The European market for carbon emissions has seen massive gains throughout 2018. After opening the year with a price level around 8 EUR/t, the quota price tripled during the year, so market was trading above 25 EUR/t in mid-September. It was first and foremost high buying interest among the big players on the market, such as heavy industry and coal-based power producers that helped shooting the prices upwards.
Since September, however, the market has changed direction and Wednesday, the price on a quota dropped below 20 EUR/t. This means that the market has now fallen by 20 % since mid-september, as several signals now indicate that the general sentiment has changed following the long-lasting upturn earlier in the year.

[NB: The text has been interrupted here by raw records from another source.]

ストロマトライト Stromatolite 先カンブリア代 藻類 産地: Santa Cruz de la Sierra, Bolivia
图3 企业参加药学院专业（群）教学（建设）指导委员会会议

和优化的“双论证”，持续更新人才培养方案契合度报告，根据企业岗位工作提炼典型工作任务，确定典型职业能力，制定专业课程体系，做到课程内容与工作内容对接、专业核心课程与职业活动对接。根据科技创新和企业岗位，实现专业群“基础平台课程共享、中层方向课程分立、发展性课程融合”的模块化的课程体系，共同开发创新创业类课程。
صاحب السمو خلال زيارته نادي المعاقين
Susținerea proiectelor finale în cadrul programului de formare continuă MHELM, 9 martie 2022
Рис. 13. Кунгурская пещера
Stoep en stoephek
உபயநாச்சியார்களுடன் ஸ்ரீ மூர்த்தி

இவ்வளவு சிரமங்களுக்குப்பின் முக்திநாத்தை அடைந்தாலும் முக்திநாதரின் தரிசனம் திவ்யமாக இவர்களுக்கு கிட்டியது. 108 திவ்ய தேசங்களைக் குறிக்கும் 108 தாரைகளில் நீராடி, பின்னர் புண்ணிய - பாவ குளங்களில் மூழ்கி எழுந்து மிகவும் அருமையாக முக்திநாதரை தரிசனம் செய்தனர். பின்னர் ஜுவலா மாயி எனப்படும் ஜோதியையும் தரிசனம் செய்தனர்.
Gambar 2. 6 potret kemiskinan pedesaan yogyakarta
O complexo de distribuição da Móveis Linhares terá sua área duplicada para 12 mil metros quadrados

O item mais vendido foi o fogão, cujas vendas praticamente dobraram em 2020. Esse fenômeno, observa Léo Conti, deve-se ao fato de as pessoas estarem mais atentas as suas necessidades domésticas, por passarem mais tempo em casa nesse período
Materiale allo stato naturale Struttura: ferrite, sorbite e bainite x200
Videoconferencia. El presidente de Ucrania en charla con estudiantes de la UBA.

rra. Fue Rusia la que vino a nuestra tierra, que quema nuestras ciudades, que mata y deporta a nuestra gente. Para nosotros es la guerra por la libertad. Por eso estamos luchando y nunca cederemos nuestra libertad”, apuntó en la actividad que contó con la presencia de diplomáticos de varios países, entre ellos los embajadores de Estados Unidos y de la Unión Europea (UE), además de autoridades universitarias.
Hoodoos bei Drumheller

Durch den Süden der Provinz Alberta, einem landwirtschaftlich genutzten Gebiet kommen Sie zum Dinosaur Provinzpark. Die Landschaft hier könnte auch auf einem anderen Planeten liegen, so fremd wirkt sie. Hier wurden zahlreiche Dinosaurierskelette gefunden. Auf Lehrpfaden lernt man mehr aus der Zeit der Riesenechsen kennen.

Across the fuel complex, we see falling prices at the moment, and the losses on the coal and gas markets in particular are offering bearish support to the carbon emission market.

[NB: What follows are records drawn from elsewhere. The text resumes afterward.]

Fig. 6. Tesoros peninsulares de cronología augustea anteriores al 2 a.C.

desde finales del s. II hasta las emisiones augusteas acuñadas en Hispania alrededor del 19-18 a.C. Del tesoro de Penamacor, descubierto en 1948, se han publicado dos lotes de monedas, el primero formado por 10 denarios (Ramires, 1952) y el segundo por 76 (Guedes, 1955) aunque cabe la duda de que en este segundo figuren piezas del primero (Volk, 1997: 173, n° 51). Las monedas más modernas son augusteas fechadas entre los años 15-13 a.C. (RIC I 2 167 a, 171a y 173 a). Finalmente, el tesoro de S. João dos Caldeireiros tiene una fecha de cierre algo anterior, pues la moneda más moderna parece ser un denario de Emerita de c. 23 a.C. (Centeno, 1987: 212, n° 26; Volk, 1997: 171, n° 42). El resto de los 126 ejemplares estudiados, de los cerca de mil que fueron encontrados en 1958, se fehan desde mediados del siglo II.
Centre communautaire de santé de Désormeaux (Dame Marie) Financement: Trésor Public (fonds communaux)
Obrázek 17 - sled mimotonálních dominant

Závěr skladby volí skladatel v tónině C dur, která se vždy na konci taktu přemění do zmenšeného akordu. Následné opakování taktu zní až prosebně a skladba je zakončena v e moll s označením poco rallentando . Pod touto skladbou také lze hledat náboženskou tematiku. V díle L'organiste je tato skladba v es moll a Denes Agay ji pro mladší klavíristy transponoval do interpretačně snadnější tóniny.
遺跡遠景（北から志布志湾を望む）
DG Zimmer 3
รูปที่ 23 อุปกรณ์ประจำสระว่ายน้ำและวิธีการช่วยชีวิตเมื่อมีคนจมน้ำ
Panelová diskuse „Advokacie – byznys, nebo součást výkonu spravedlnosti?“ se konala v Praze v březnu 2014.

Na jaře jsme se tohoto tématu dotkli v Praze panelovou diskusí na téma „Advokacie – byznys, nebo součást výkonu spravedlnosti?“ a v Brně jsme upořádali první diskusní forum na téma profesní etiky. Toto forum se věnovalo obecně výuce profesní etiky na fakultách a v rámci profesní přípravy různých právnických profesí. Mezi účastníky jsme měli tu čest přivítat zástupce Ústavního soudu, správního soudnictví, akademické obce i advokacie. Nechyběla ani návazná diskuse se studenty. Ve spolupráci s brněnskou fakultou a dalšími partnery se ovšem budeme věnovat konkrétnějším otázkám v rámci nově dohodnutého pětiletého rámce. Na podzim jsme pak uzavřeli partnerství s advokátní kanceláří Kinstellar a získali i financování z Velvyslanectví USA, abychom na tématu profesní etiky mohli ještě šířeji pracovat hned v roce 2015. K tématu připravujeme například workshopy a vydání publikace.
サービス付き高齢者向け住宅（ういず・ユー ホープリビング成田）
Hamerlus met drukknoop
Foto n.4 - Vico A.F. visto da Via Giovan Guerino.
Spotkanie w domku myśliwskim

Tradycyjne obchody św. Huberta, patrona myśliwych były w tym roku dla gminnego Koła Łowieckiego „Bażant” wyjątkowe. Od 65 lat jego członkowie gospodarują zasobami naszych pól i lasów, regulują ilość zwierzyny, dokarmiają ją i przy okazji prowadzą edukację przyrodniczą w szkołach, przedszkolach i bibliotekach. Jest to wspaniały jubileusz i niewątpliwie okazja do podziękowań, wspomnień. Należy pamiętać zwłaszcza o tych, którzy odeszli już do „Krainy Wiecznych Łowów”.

Earlier this week, the EU’s environmental and climate ministers summited to position themselves ahead of December’s UN climate conference in Poland. There are still noticeable disagreements among the union’s member nations regarding the climate policies. The ministers of several countries argued for strengthening the EU’s official climate ambitions towards 2030 and 2040 but the participants failed to reach a consensus on this topic.
The political uncertainty on the climate topic also adds to the bearish sentiment on the carbon emission market. Disagreements and lack of will to strengthen the climate ambitions are seen as a bearish signal from the players on the market.
Even though the US-China trade war has limited the upside, the oil price continues to rise. We are now just marginally below the year high level.